Стало быть, книга по-прежнему живет и питает умы. Как бы ни был я удивлен,
я, конечно же, рад. Сознание того, что твоя работа, законченная так много
лет назад, до сих пор служит людям, согревает душу.
Я посвятил свою сагу "Памяти Вихря (он же Нэтэниел)". Читатели по сей
день спрашивают меня, кто такой Вихрь. Объясняю: Вихрь - это шотландский
терьер, проживший с нами пятнадцать лет. Хотя я неправильно выразился: ни
единой минуты он не считал, что живет с нами. Скорее, мы жили с ним. Он
был хорошим другом и преданным товарищем. Мне нравится думать, что в
какой-то собачьей Валгалле он по-прежнему гоняется за кроликами (и никак
не может их поймать), яростно роет землю, охотясь за сусликами (которые
сидят на безопасном расстоянии и посмеиваются над ним), а затем,
утомившись от трудов, посапывает на коврике возле пылающего камина.
Писать о своих собственных произведениях - задача и деликатная, и
утомительная. Отзываться о своей работе небрежно и непочтительно - значит
поставить под сомнение свою писательскую искренность. А любая неловкая
фраза может быть воспринята как бахвальство, что не только неприлично, но
и не имеет под собою никаких оснований. Все, чего может желать писатель, -
это спокойного удовлетворения, знакомого любому работяге, который выполнил
свою работу на совесть и не стыдится показать ее людям.

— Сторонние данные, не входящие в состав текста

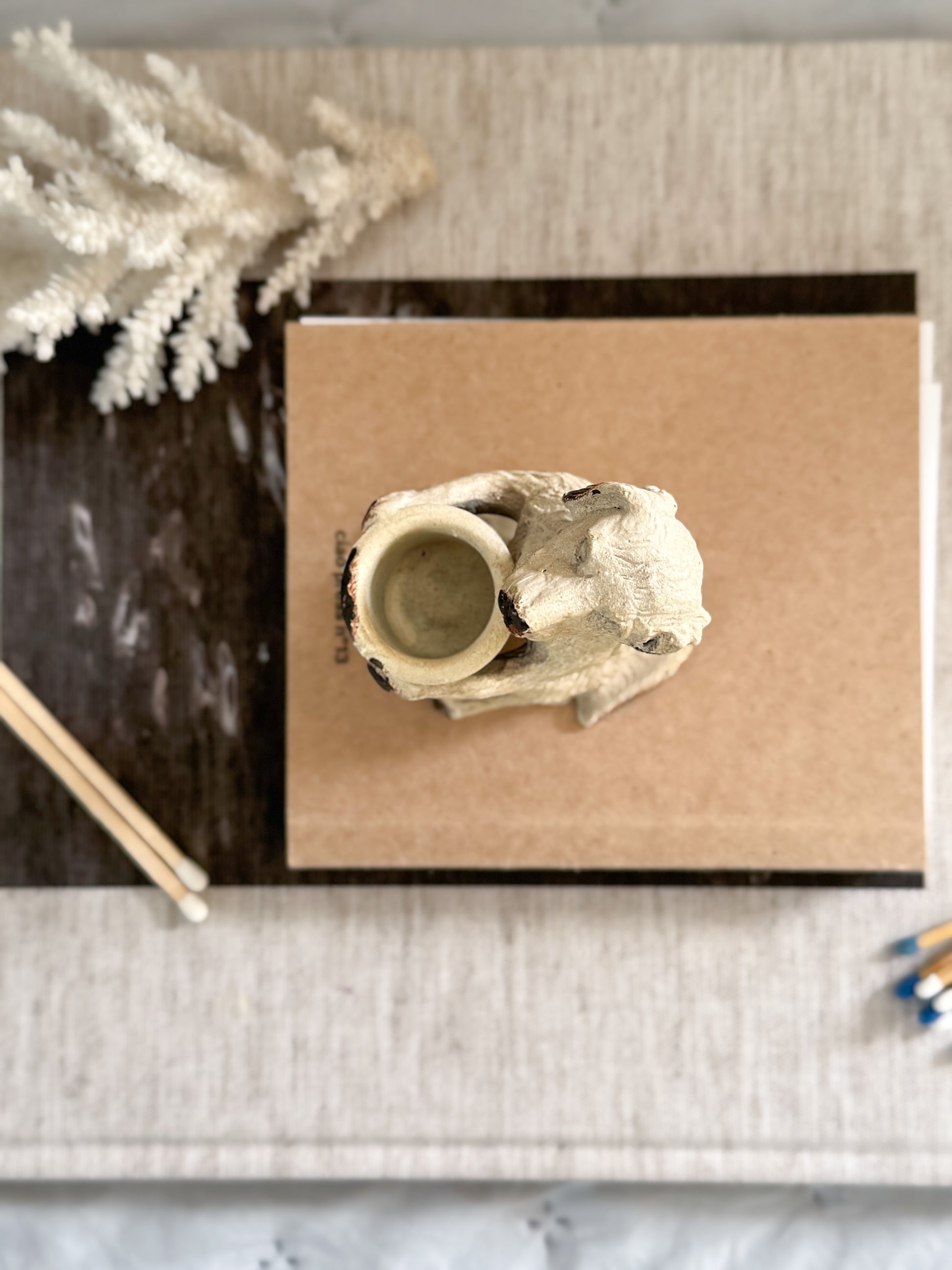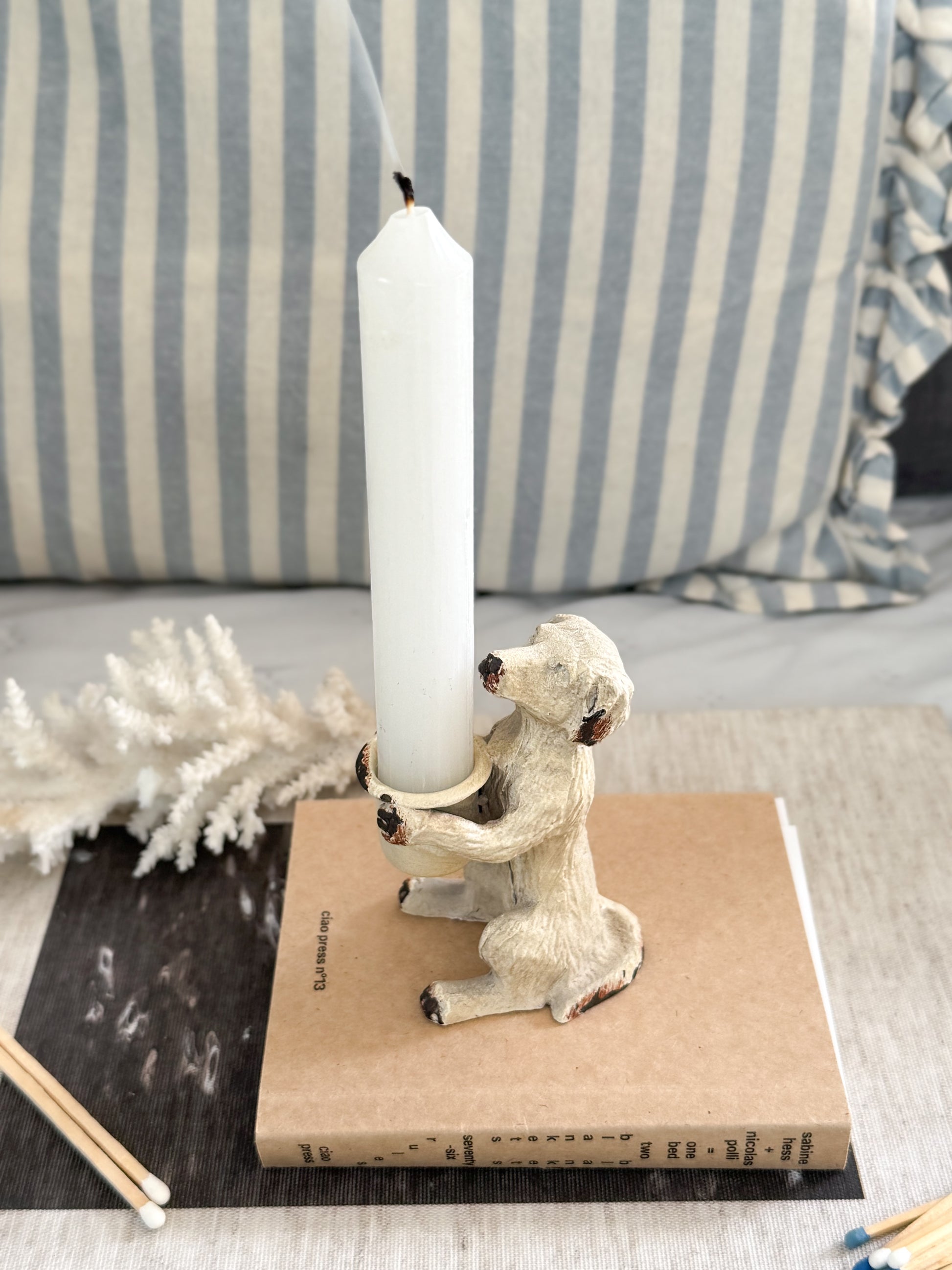 A beautifully handmade and one-of-a-kind little treasure with so much character, this hand-painted cast iron dog holds a small cup that works perfectly as either a candlestick or a match holder. I love pieces like this, that feel both playful and practical.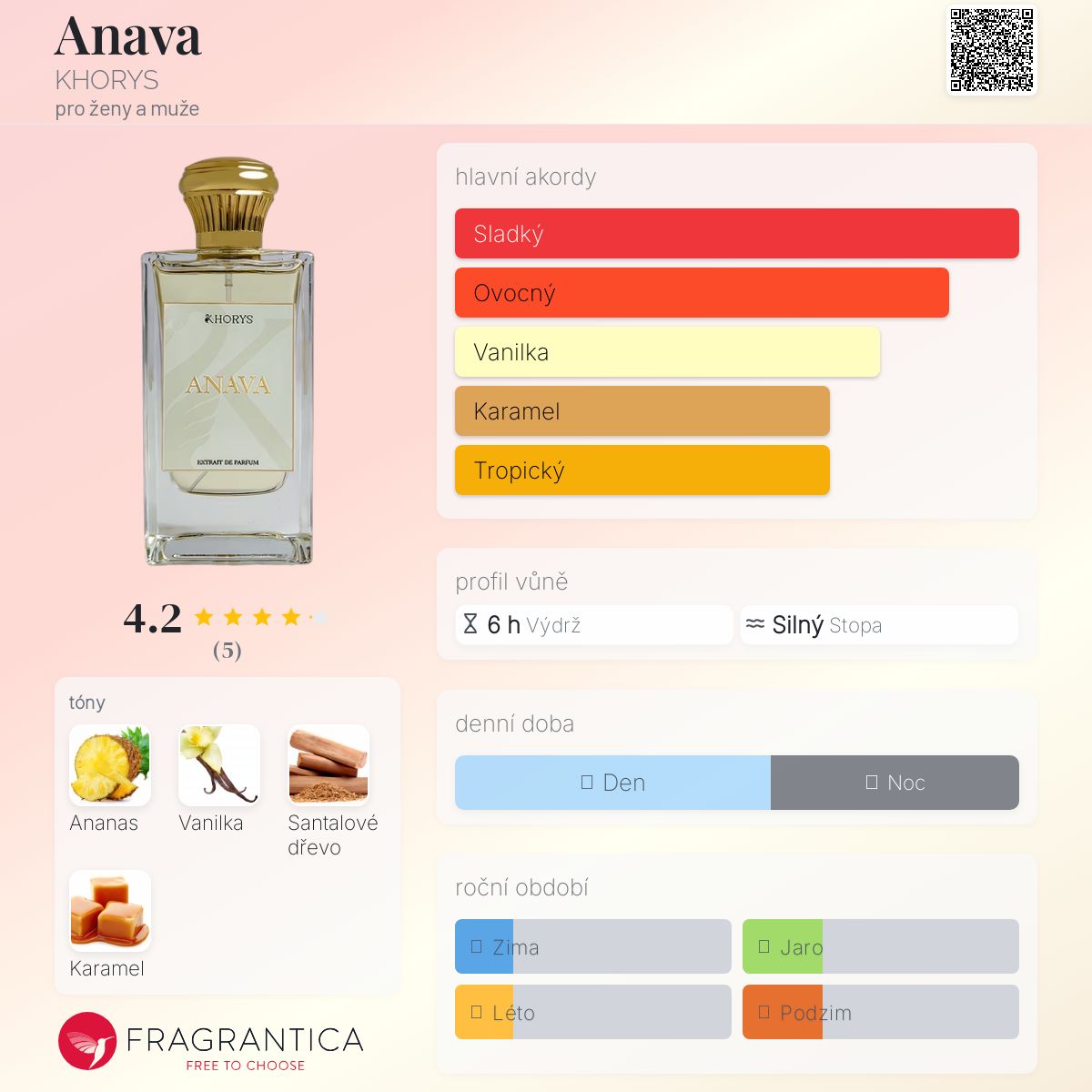 Anava podle KHORYS je Orientální Vanilla vůně pro ženy a muže. Toto je nová vůně. Anava byl/a uveden/a v roce 2025. "Nosem" za touto vůní je Alp Veliogullari. Vrchní tóny jsou Ananas a Vanilka; střední tón jeVanilka ; základní tóny jsou Santalové dřevo a Karamel.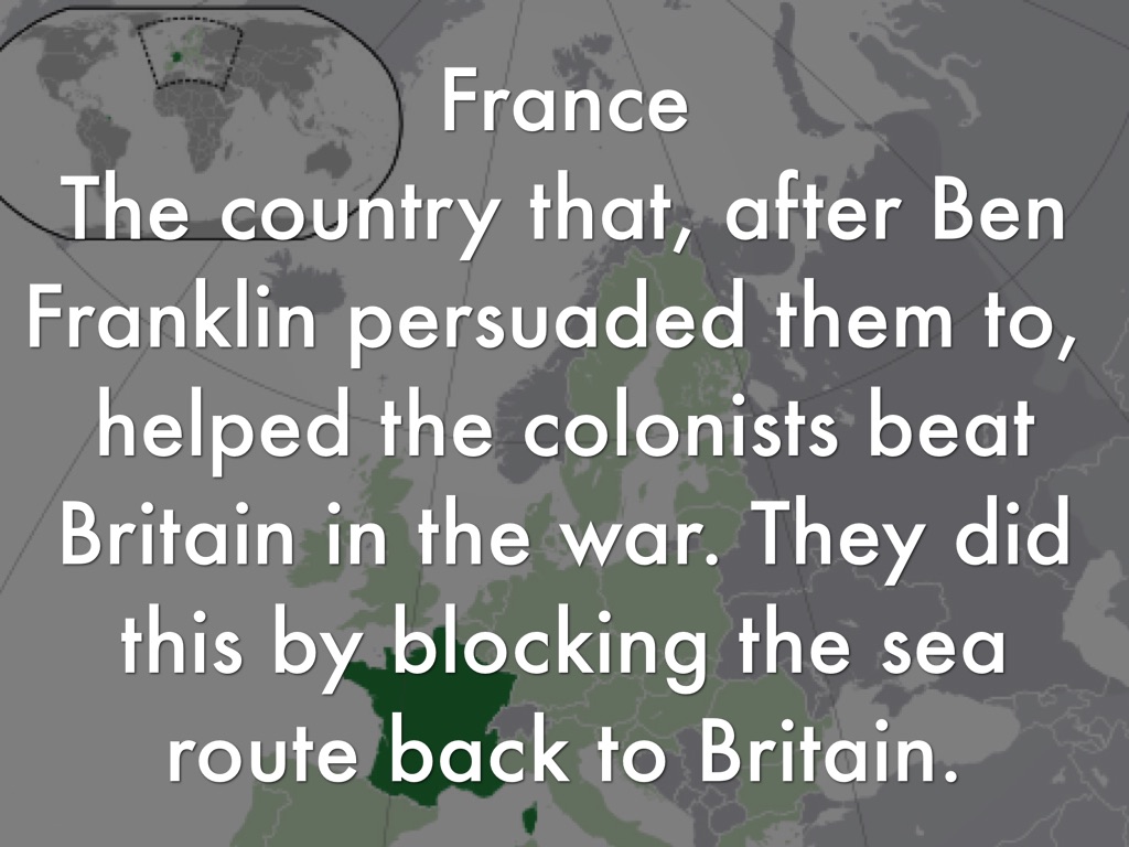 The country that, after Ben Franklin persuaded them to, helped the colonists beat Britain in the war. They did this by blocking the sea route back to Britain.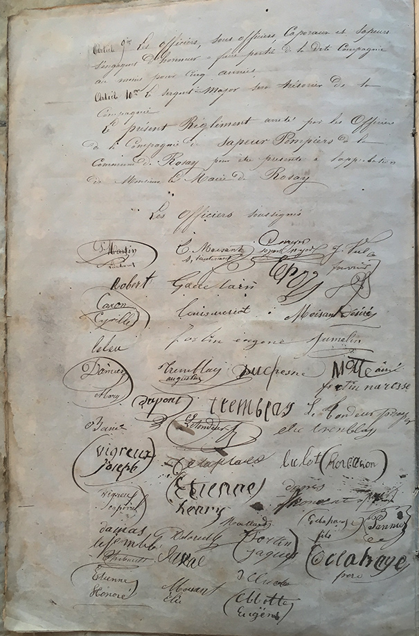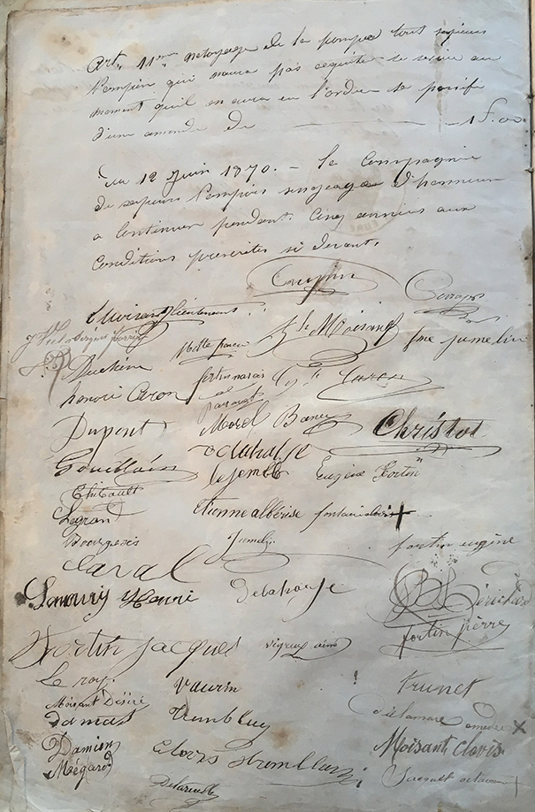 12 juin 1870 ajout de l’article11 au règlement et signature des sapeurs volontaires |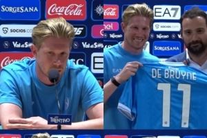 那不勒斯新11号!德布劳内与体育总监手持球衣亮相球员发布会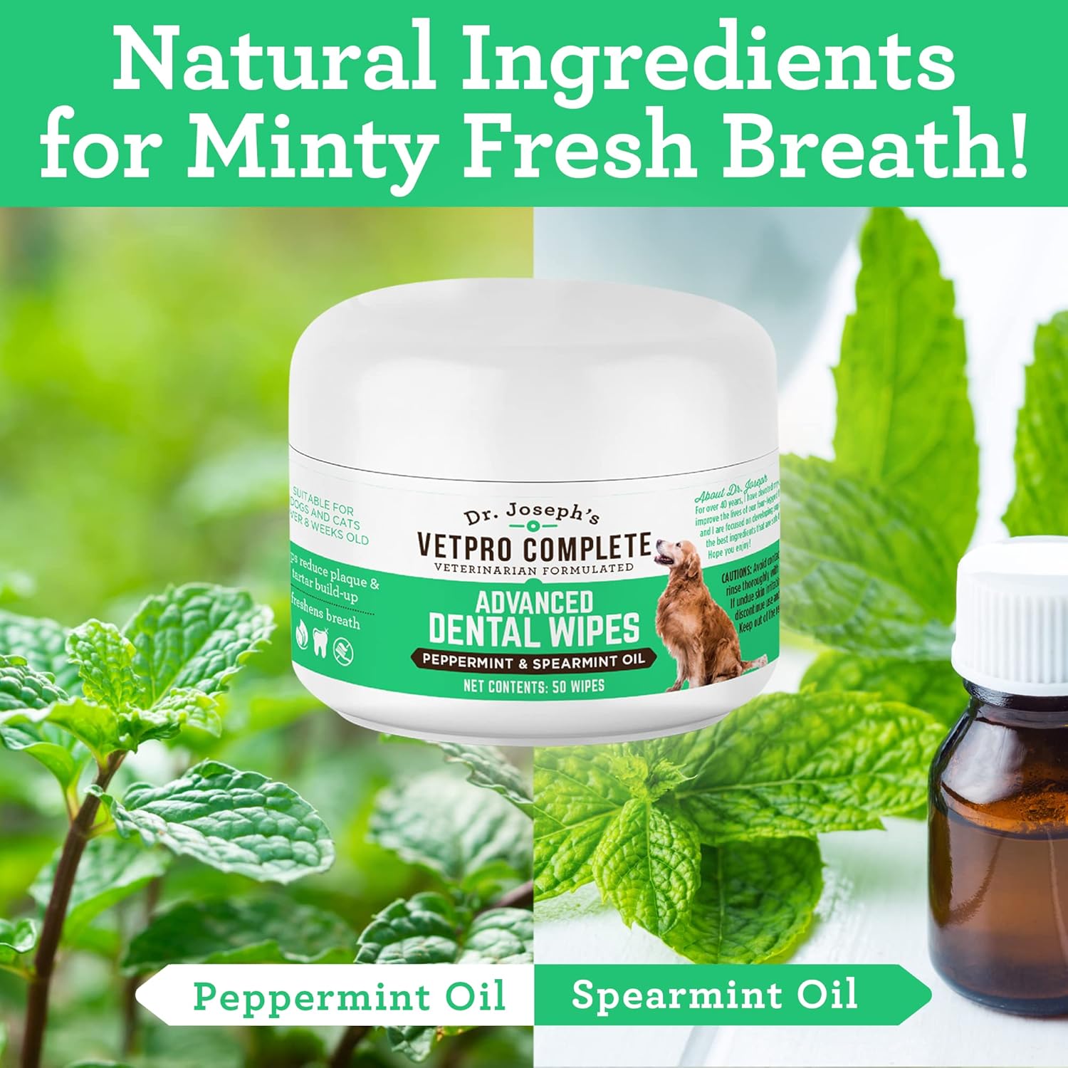 VetPro Complete Dr. Joseph's Advanced Dog Dental Wipes, 50 Count, Easy Teeth Cleaner for Dogs and Cats with Peppermint and Spearmint, Freshens Breath, Reduces Tartar
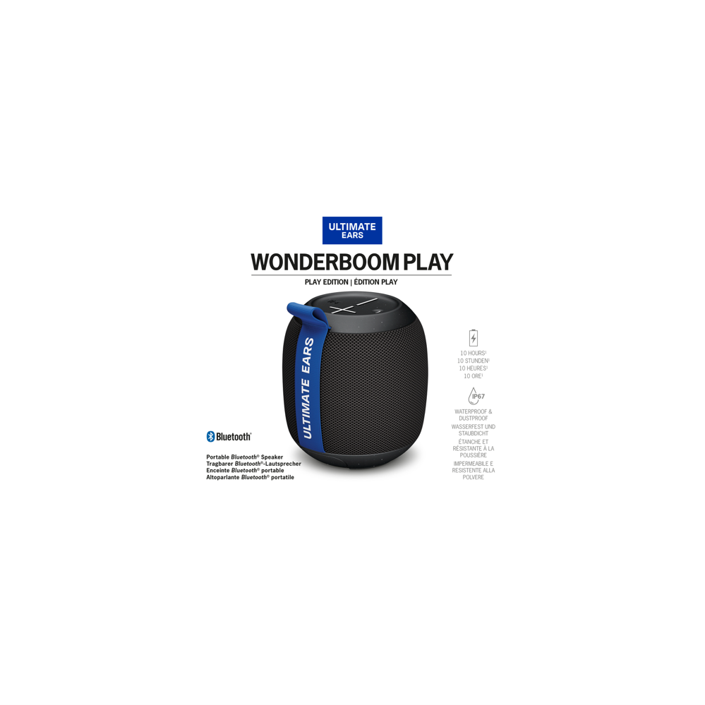 Ready to take your tunes on the go? Meet the Ultimate Ears Wonderboom Play portable Bluetooth speaker in sleek black. With a wireless range of up to 40 metres you can keep the music flowing from across the room or out in the yard. The rechargeable lithium-ion battery delivers up to 10 hours of playtime on a single charge so you can keep the party going all day long. And don't worry about a little rain or sand - the IP67 rating means it's both water and dustproof. Weighing just 0.318 kg it's easy to grab and go. Plus you can connect up to two source devices at the same time for seamless audio switching. Get your groove on with the Wonderboom Play (6234150).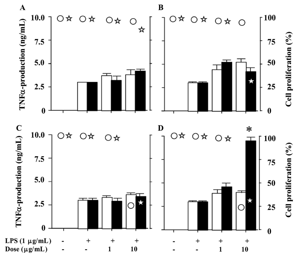 Cell proliferation was evaluated by enumerating the viable cells using the MTT formazan production method [16]. RAW264.7 cells (1 × 106 cells/mL) were treated with LPS (with or without test compounds) and then transferred to 96-well microtiter plates. After incubation for 24 h, 20 μL of MTT reagent (5 mg/mL in PBS) was added to each well and further incubated for 3 h. The production of formazan was assessed by measuring optical density (OD570 nm). Data are shown as the values relative (%) to each PMA-stimulated optical density.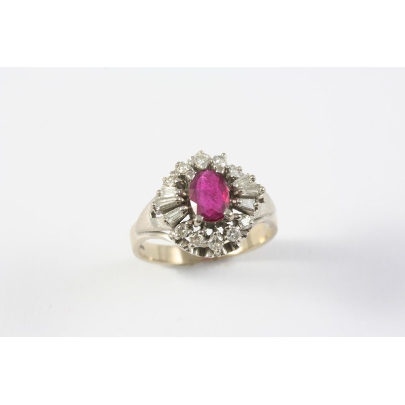 the oval-shaped ruby is set within a surround of circular-cut and tapered baguette-cut diamonds, in 18ct gold. Size P 1/2

Перечитывая "Город", я не стыжусь своей работы. Какой-то абзац
кольнет порою глаз - сейчас я написал бы его совсем иначе. Но это быстро
проходит, ведь я понимаю, что сегодня вообще не написал бы такую книгу.
Потому что для ее создания необходимо было особое сочетание условий, и
пусть даже причины, побудившие меня к созданию этих историй, живы и
поныне, а взгляды мои по существу не изменились, но непосредственный
творческий импульс канул в прошлое.

ОТ СОСТАВИТЕЛЯ
Перед вами предания, которые рассказывают Псы, когда ярко пылает
огонь в очагах и дует северный ветер. Семьи собираются в кружок, и щенки
тихо сидят и слушают, а потом рассказчика засыпают вопросами.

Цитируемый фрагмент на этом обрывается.